= Foundation for Advancement in Cancer Therapy =

Not-for-profit organization

Foundation for Advancement in Cancer Therapy (FACT) is a non-profit 501(c)(3) educational organization.

Established in 1971, FACT supports non-toxic, biologically sound alternative cancer therapies. FACT's goal is to educate physicians and patients about a different concept of cancer and chronic degenerative conditions in the hope that the public will gain an understanding of all viable medical options.

== Brief history ==
Foundation for Advancement in Cancer Therapy was established in 1971. They are a federally approved 501(c)(3) non-profit educational organization.

Ruth Sackman, featured in the film, was co-founder and president of FACT until her death in December 2008 at age 93. She organized the foundation after watching helplessly as her daughter, Arlene, diagnosed with acute leukemia in 1970, suffered through chemotherapy, becoming progressively weaker until succumbing to the disease. Sackman felt there had to be a better way and traveled the world to find it. For the next 37 years she helped hundreds of cancer patients in the U.S. and worldwide return to healthy lives, as well as educate many more about prevention and treatment of chronic disease. Sackman's yardstick for success was always long-term recovery, i.e., at least 10 years cancer-free.
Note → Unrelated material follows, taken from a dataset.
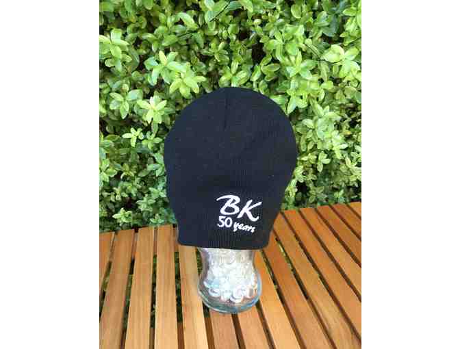 The very last black beanie is ready for you! Black beanie with bright white embroidery is one size fits most.

FACT's goal is to educate physicians and patients about a different concept of cancer and chronic degenerative conditions: whether dealing with breast cancer, lymphoma, Lyme disease — it is a systemic disease. Tumors or abnormal cells are symptoms of a biochemical imbalance in the body, and that imbalance can be corrected with a well-designed, individualized metabolic program. A non-toxic, biologically sound program, focusing on the whole body and not just the tumor, can provide all the materials and conditions necessary to produce healthy cells and restore well being.

The primary tools for a comprehensive, metabolic approach are 1) a balanced diet of whole, unprocessed, preferably organic foods and 2) detoxification, to efficiently relieve the body of toxins released into the bloodstream as the immune system becomes energized to do its work. Attention must also be paid to optimum function of all the body organs and glands, as well as skeletal integrity, hormonal balance, stress management.

=== Book and documentary film ===
- Rethinking Cancer
The book, authored by founder Ruth Sackman, was published in 2003. The book shifts the focus of the cancer discussion from the treatment of the symptoms to correcting the cause of the health breakdown in the body as a whole. The goal is not neoplasm (tumor) reduction, as in conventional protocols such as chemotherapy and radiation. Rather, the success in the long-term recovery of the patient, i.e., returning the body to as normal a state of health as possible. Rethinking Cancer covers all the aspects of a comprehensive program that can provide the body with the factors required for restoration and maintenance of optimum health. However, this book is not intended as a self-treatment handbook. Guidance by experienced practitioners is vital, though understanding the logic of a non-toxic treatment approach is the first step.

The film of the same title is an educational documentary produced in 2009 that provides a rare look into the psychological and therapeutic journeys of five men and women who used biological therapies to overcome serious illness. In this documentary, four of the featured subjects had been diagnosed with cancer; two of these patients were considered terminal cases. The fifth patient had a severe case of Lyme disease. All five have outlived their diseases, between 15 and nearly 40 years, thus far.